_WORK REQUIRED_
Where the line containing "सरकार र शिक्षकबीच" appears, begin retyping; continue exactly through the final line of the data. Omit every picture.

_DATASET SECTION_
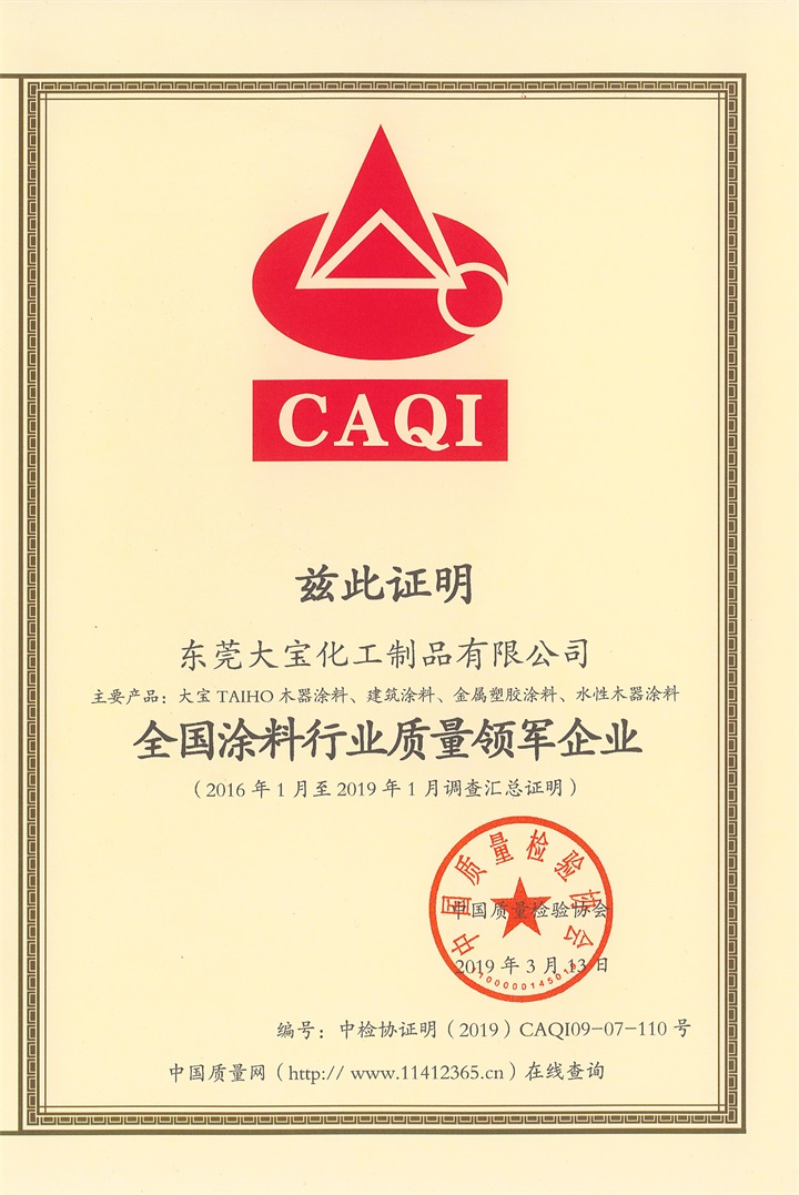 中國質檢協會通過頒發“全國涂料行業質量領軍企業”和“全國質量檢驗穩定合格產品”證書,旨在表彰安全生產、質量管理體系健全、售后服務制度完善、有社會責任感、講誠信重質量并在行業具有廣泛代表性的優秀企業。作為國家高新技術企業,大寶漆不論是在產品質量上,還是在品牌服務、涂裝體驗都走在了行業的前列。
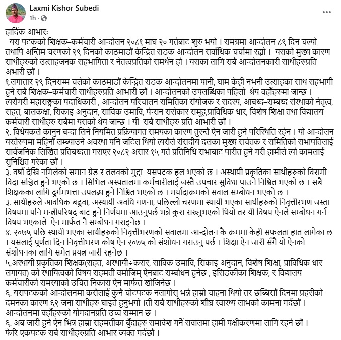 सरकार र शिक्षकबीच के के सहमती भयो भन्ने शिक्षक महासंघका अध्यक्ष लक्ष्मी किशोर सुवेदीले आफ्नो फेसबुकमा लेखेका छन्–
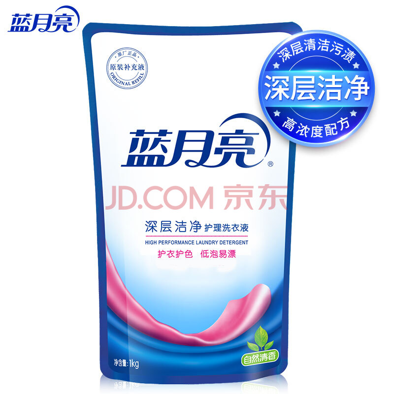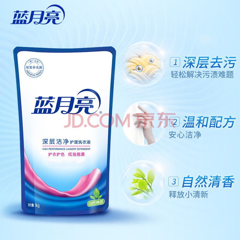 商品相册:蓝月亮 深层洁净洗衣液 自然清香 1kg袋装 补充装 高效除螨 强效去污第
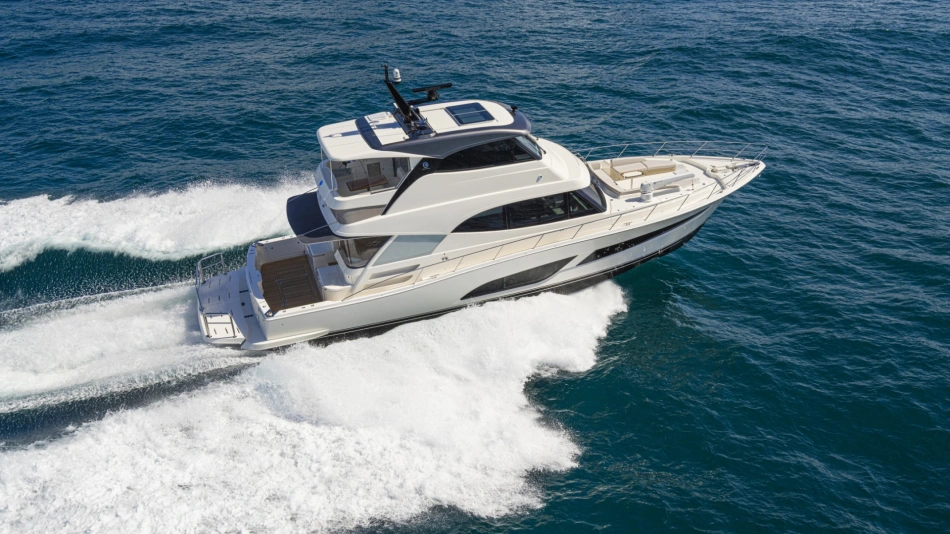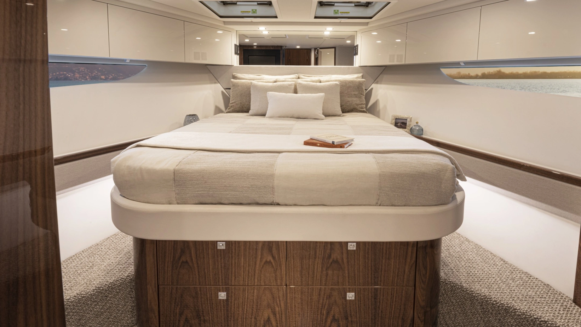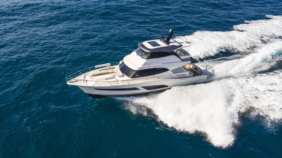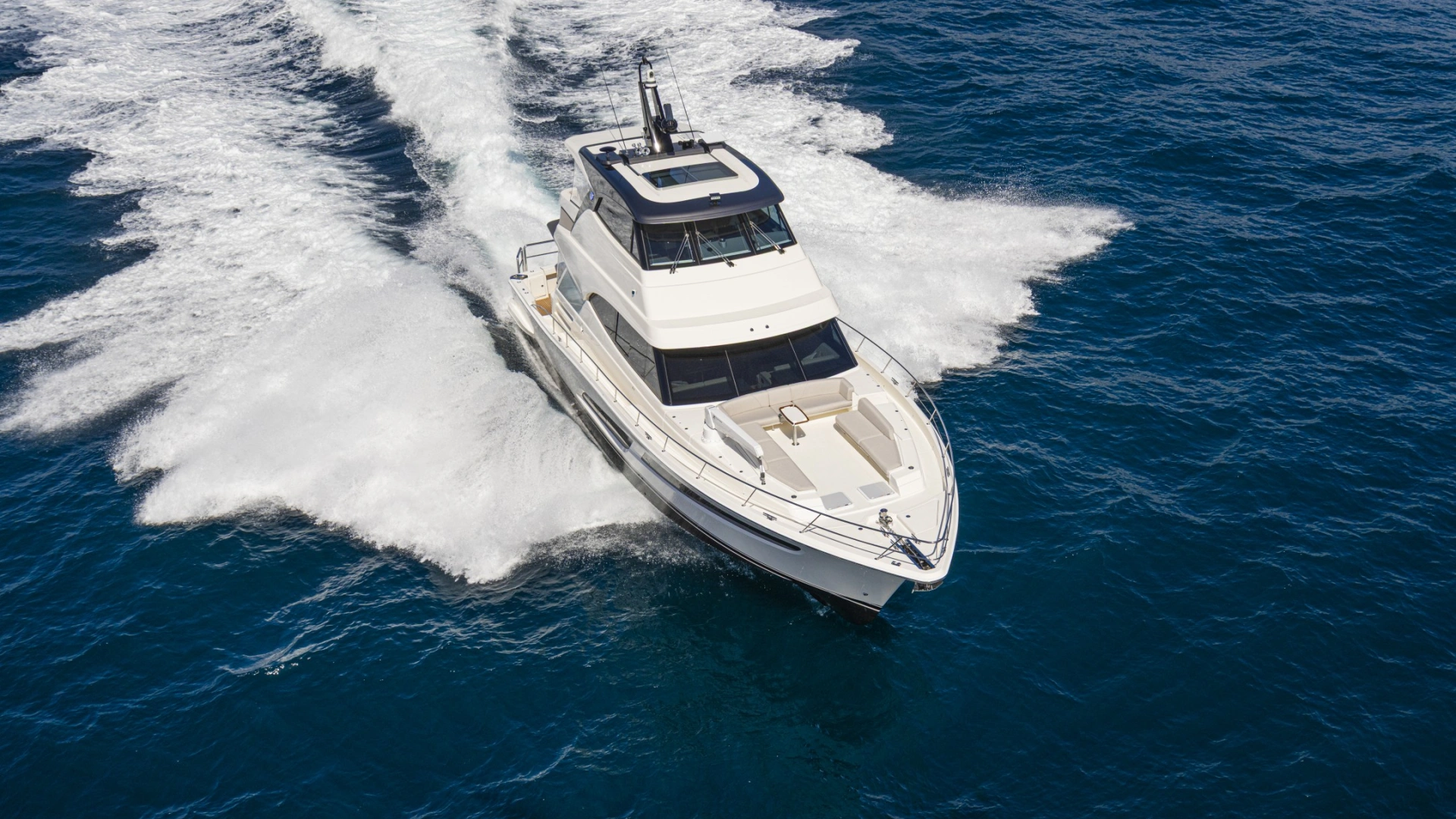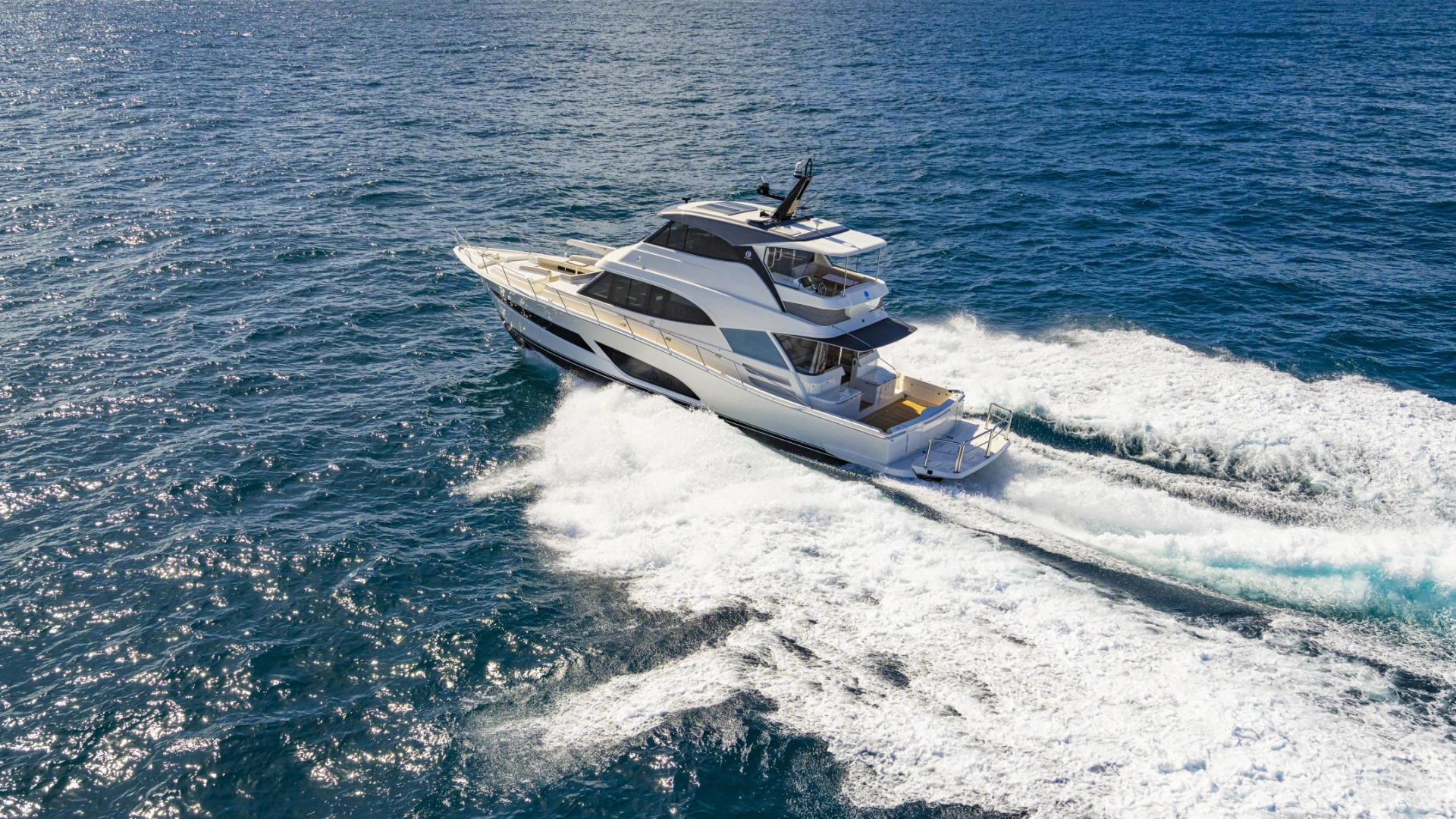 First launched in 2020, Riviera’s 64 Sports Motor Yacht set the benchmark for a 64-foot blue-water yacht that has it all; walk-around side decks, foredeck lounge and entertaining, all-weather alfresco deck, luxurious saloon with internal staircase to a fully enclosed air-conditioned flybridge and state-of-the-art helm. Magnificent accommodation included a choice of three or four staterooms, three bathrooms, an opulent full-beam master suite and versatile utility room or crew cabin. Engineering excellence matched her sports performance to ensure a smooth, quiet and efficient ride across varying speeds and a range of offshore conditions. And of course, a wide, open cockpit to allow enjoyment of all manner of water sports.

_EXERCISE RESPONSE_
 सरकार र शिक्षकबीच के के सहमती भयो भन्ने शिक्षक महासंघका अध्यक्ष लक्ष्मी किशोर सुवेदीले आफ्नो फेसबुकमा लेखेका छन्–
 商品相册:蓝月亮 深层洁净洗衣液 自然清香 1kg袋装 补充装 高效除螨 强效去污第
 First launched in 2020, Riviera’s 64 Sports Motor Yacht set the benchmark for a 64-foot blue-water yacht that has it all; walk-around side decks, foredeck lounge and entertaining, all-weather alfresco deck, luxurious saloon with internal staircase to a fully enclosed air-conditioned flybridge and state-of-the-art helm. Magnificent accommodation included a choice of three or four staterooms, three bathrooms, an opulent full-beam master suite and versatile utility room or crew cabin. Engineering excellence matched her sports performance to ensure a smooth, quiet and efficient ride across varying speeds and a range of offshore conditions. And of course, a wide, open cockpit to allow enjoyment of all manner of water sports.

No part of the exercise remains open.